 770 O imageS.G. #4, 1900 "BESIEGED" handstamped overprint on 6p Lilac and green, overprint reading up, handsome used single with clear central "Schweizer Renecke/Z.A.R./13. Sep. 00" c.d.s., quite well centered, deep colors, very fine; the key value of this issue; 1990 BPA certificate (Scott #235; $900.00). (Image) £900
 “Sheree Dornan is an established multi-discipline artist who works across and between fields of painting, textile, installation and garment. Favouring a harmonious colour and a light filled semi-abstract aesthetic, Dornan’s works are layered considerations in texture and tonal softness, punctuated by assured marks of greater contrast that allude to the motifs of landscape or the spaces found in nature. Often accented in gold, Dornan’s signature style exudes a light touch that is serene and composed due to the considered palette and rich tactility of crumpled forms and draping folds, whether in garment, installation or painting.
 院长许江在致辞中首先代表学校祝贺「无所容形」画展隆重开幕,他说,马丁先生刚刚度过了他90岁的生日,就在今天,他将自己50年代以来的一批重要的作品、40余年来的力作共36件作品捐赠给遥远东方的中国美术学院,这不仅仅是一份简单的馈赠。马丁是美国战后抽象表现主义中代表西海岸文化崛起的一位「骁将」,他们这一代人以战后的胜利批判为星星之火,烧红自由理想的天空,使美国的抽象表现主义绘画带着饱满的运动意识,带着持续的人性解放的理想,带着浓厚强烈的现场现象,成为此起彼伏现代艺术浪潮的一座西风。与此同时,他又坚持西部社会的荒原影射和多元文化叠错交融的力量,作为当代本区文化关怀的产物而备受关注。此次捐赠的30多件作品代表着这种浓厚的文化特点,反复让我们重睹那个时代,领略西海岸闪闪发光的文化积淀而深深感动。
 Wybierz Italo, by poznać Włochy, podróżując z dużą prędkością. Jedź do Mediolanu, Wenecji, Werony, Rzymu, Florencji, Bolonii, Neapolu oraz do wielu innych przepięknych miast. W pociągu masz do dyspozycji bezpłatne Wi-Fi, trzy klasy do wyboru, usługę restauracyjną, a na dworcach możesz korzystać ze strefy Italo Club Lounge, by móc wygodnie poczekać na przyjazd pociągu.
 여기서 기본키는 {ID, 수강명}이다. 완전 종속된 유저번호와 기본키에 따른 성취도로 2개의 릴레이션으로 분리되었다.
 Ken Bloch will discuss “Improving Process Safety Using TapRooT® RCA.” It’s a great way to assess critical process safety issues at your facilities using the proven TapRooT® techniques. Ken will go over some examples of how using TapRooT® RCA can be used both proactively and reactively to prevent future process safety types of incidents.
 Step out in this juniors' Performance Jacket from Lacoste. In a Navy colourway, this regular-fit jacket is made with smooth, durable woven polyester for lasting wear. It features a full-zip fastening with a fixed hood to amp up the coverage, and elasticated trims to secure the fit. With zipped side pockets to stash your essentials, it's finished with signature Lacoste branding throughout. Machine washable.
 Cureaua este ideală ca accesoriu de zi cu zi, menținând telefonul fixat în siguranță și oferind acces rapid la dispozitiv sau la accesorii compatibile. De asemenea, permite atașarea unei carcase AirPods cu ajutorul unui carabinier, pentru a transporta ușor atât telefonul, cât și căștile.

• • • •

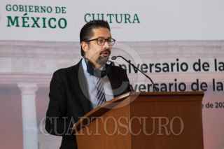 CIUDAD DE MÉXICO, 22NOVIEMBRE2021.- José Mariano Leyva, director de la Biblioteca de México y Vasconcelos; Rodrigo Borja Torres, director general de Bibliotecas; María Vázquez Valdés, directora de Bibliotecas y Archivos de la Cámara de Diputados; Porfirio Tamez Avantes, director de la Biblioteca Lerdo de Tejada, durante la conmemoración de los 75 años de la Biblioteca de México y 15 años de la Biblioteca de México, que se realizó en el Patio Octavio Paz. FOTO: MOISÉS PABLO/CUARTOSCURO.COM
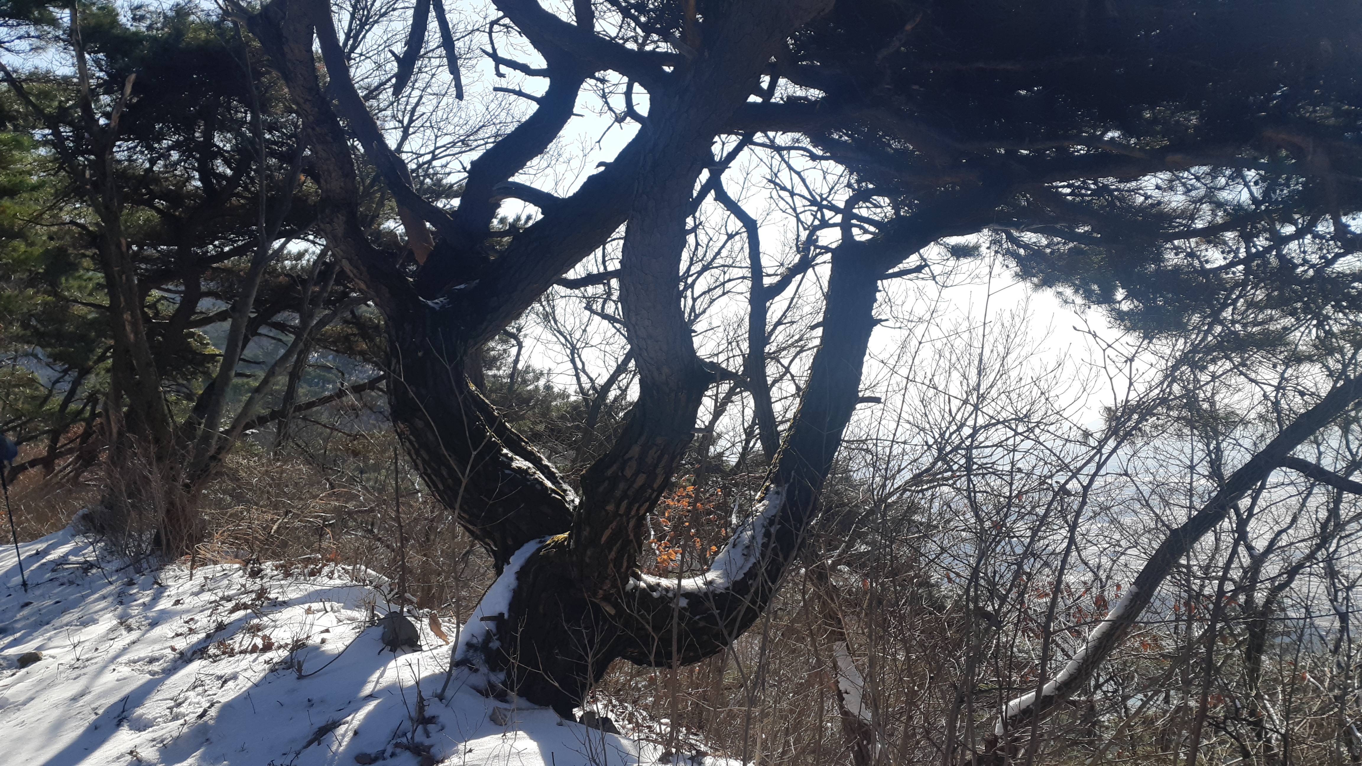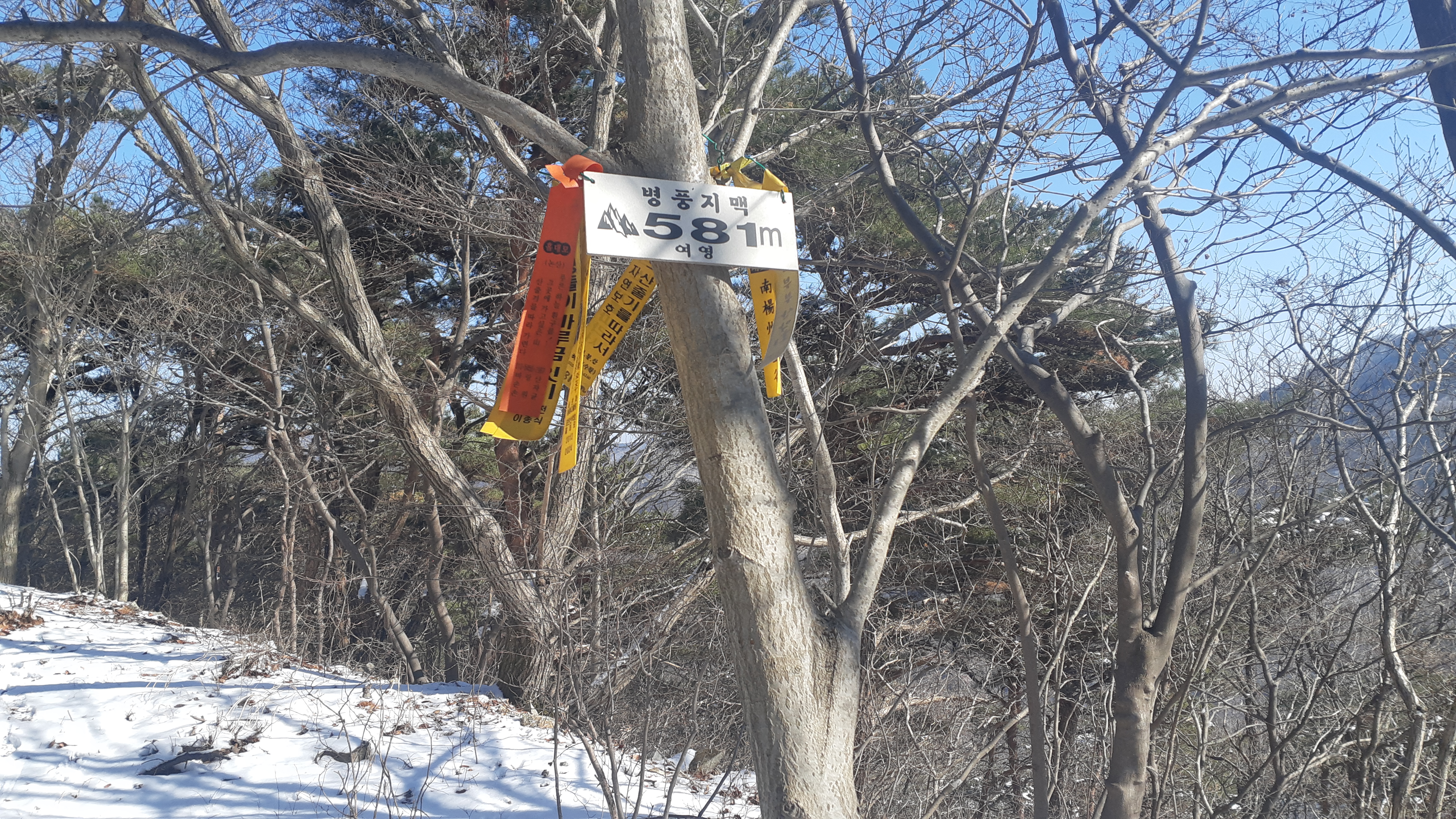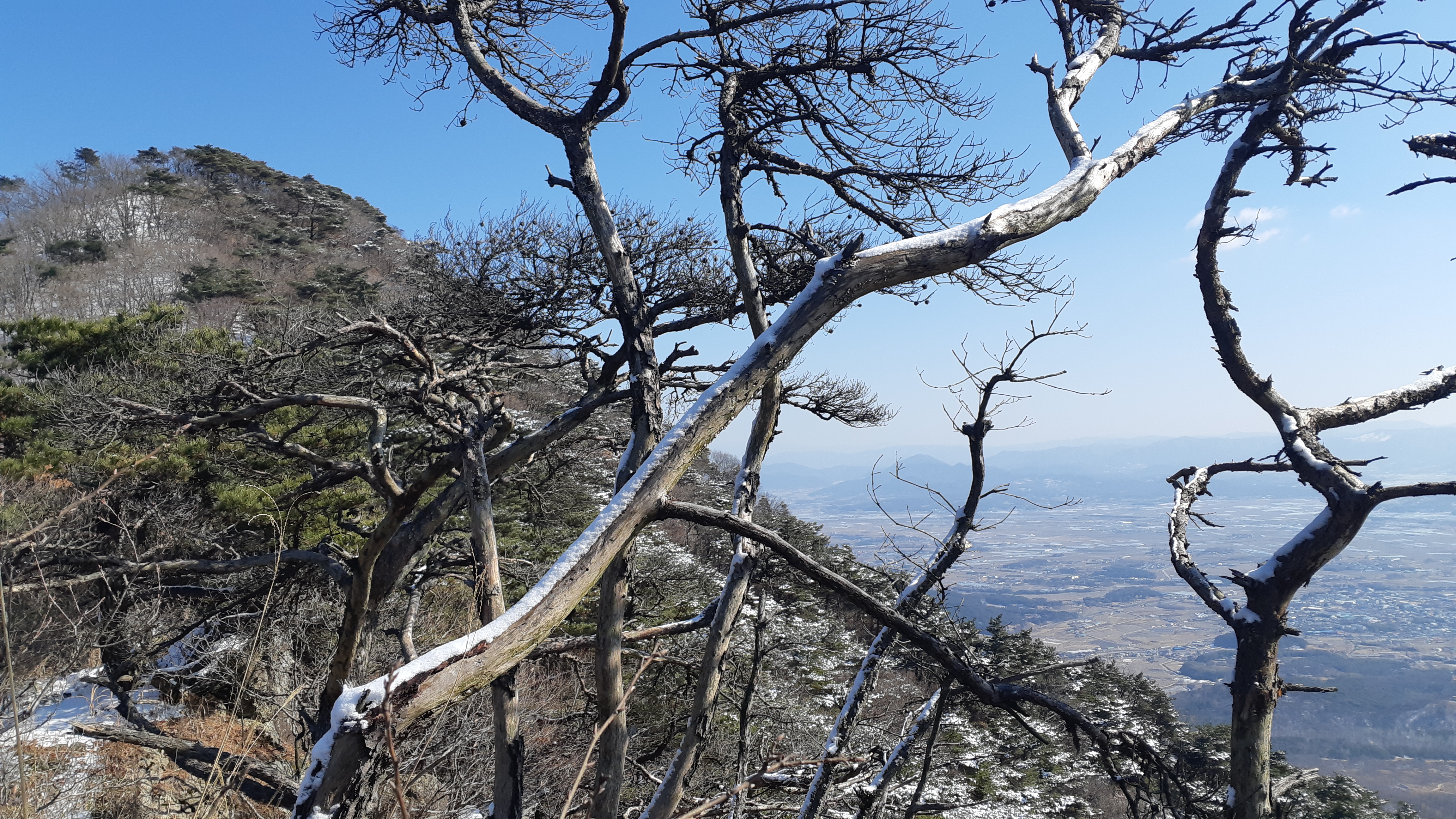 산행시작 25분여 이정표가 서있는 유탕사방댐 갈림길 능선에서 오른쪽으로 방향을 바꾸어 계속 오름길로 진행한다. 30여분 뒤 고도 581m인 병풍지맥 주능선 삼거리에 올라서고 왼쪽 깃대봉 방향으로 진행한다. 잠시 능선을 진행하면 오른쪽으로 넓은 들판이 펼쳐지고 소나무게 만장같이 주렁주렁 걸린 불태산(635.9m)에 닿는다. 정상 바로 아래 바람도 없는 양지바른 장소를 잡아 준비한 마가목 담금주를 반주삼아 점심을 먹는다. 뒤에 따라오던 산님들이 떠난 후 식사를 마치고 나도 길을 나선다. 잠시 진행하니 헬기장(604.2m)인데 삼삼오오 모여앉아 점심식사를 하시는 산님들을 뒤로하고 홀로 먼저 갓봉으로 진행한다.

• • • •

About this task:
The required output is every line above from the one with "院长许江在致辞中首先代表学校" down to the one with "Cureaua este ideală", restated word for word, ends included.

Reply:
 院长许江在致辞中首先代表学校祝贺「无所容形」画展隆重开幕,他说,马丁先生刚刚度过了他90岁的生日,就在今天,他将自己50年代以来的一批重要的作品、40余年来的力作共36件作品捐赠给遥远东方的中国美术学院,这不仅仅是一份简单的馈赠。马丁是美国战后抽象表现主义中代表西海岸文化崛起的一位「骁将」,他们这一代人以战后的胜利批判为星星之火,烧红自由理想的天空,使美国的抽象表现主义绘画带着饱满的运动意识,带着持续的人性解放的理想,带着浓厚强烈的现场现象,成为此起彼伏现代艺术浪潮的一座西风。与此同时,他又坚持西部社会的荒原影射和多元文化叠错交融的力量,作为当代本区文化关怀的产物而备受关注。此次捐赠的30多件作品代表着这种浓厚的文化特点,反复让我们重睹那个时代,领略西海岸闪闪发光的文化积淀而深深感动。
 Wybierz Italo, by poznać Włochy, podróżując z dużą prędkością. Jedź do Mediolanu, Wenecji, Werony, Rzymu, Florencji, Bolonii, Neapolu oraz do wielu innych przepięknych miast. W pociągu masz do dyspozycji bezpłatne Wi-Fi, trzy klasy do wyboru, usługę restauracyjną, a na dworcach możesz korzystać ze strefy Italo Club Lounge, by móc wygodnie poczekać na przyjazd pociągu.
 여기서 기본키는 {ID, 수강명}이다. 완전 종속된 유저번호와 기본키에 따른 성취도로 2개의 릴레이션으로 분리되었다.
 Ken Bloch will discuss “Improving Process Safety Using TapRooT® RCA.” It’s a great way to assess critical process safety issues at your facilities using the proven TapRooT® techniques. Ken will go over some examples of how using TapRooT® RCA can be used both proactively and reactively to prevent future process safety types of incidents.
 Step out in this juniors' Performance Jacket from Lacoste. In a Navy colourway, this regular-fit jacket is made with smooth, durable woven polyester for lasting wear. It features a full-zip fastening with a fixed hood to amp up the coverage, and elasticated trims to secure the fit. With zipped side pockets to stash your essentials, it's finished with signature Lacoste branding throughout. Machine washable.
 Cureaua este ideală ca accesoriu de zi cu zi, menținând telefonul fixat în siguranță și oferind acces rapid la dispozitiv sau la accesorii compatibile. De asemenea, permite atașarea unei carcase AirPods cu ajutorul unui carabinier, pentru a transporta ușor atât telefonul, cât și căștile.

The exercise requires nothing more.